I read ‘Rafina’ last year during a four-hour drive back from Lahore to Islamabad, and there was never a moment where I put it down, not even when my husband offered me his share of fries at McDonald’s where we stopped for a break. So, imagine my surprise, when thoroughly satisfied by the novel, I looked up its score on Goodreads and found it to be merely average. Ummm… what? Fellow bibliophiles, did we all read the same book?
I think there’s an inherent problem with sending review copies of certain books to young bookstagrammers that are clearly meant for an older market but more on that some other time. It saddens me because clearly one cannot be appreciate books like ‘Home Fire’ and ‘Rafina’ when you haven’t been exposed to their themes enough.
‘Rafina’ charts the course of the life of a young girl in present day Karachi. Set in the grinding hustle of the City of Lights, Rafina and her family are beset by adversity from the get-go. After her father’s death, Rafina’s mother, Naz, becomes the primary bread-winner, struggling to provide for her two children even as her own health deteriorates. Rafina is painted as the quicker of the two siblings, the one more likely to take an initiative in making her dreams a reality. Kunwar, on the other hand, starts to show the same sullen sense of entitlement most South Asian men will recognize. He clamors for money from his mother and sister while loafing in the streets while both women work back-breaking hours to make ends meet. Rafina quickly succeeds in landing a ‘beauty parlor’ apprenticeship with her aunt Rosie, where she hopes she’ll find a way to become the next ‘Card Girl’, a high fashion model with her face all over the billboards of Karachi.

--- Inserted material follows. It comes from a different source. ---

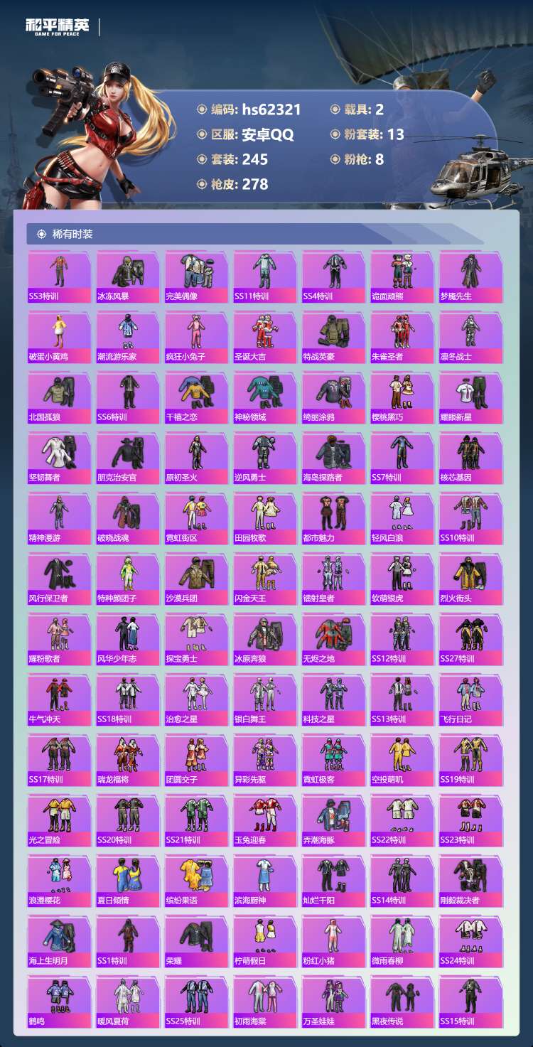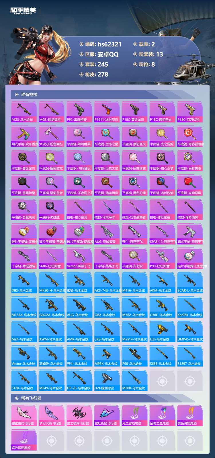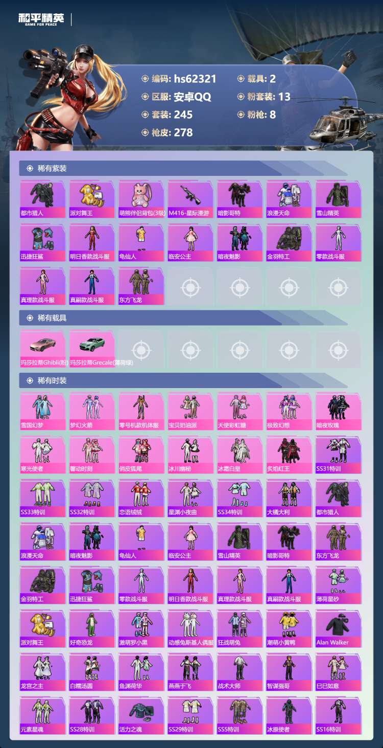 hs62321 安卓手Q-22王牌印记-有战神框-13粉装-8特效枪-2载具-87789热力值-24

Rafina and Karachi become intertwined as the story progresses, both showing that same gutsy attitude of every man (and woman) for themselves in the dog-eat-dog world of unemployment and economic uncertainty. Through Rafina’s eyes, Karachi becomes another character in the plot, one who is constantly in the background, fueling Rafina’s hunger for success through the rise and decline of its own many, many composite parts; from the slums of Karachi to the posh residential gated colonies.
Pakistani readers will revel in the comparisons Shandana Minhas draws to a prominent Pakistani beauty guru and her chain of acolytes in the passages about Radiance, the salon where Rafina works, and its owner, Nausheen. A fair question would be; is Nausheen modelled on Nabila? You tell me :) The cut-throat beauty industry is revealed in all its shady glory as we follow Rafina’s rise to stardom after she is ‘discovered’ by the head honchos at Radiance. Given the recent shenanigans of models and starlets on social media, one is left unsurprised at the depravity Rafina encounters, something she is initially repelled by but eventually consumed in.
Shandana Minhas has created a stellar character in Rafina, making her vividly compelling, not simply a cookie-cutter sketch of a spunky up-coming teenager Mary Sue-ing her way through the plot, but one who challenges your preconceived notions of what it means to be young and ambitious in a country like Pakistan.
Many readers took issue with the ending, noting that it seemed to abrupt and came out of nowhere. To them, I say, but you have been given an ending. If you’d really like it spelled out for you, read Sanam Mehr’s ‘The Sensational Life and Death of Qandeel Baloch’. That’s not an ending I hope for Rafina, though: I hope she kicked ass and came out triumphant.
Favorite Lines:
There was another river of life, running parallel to the one she was in; it ran deeper and faster; her eyes had told her that was the one she should be submerged in; her eyes would also tell others the same.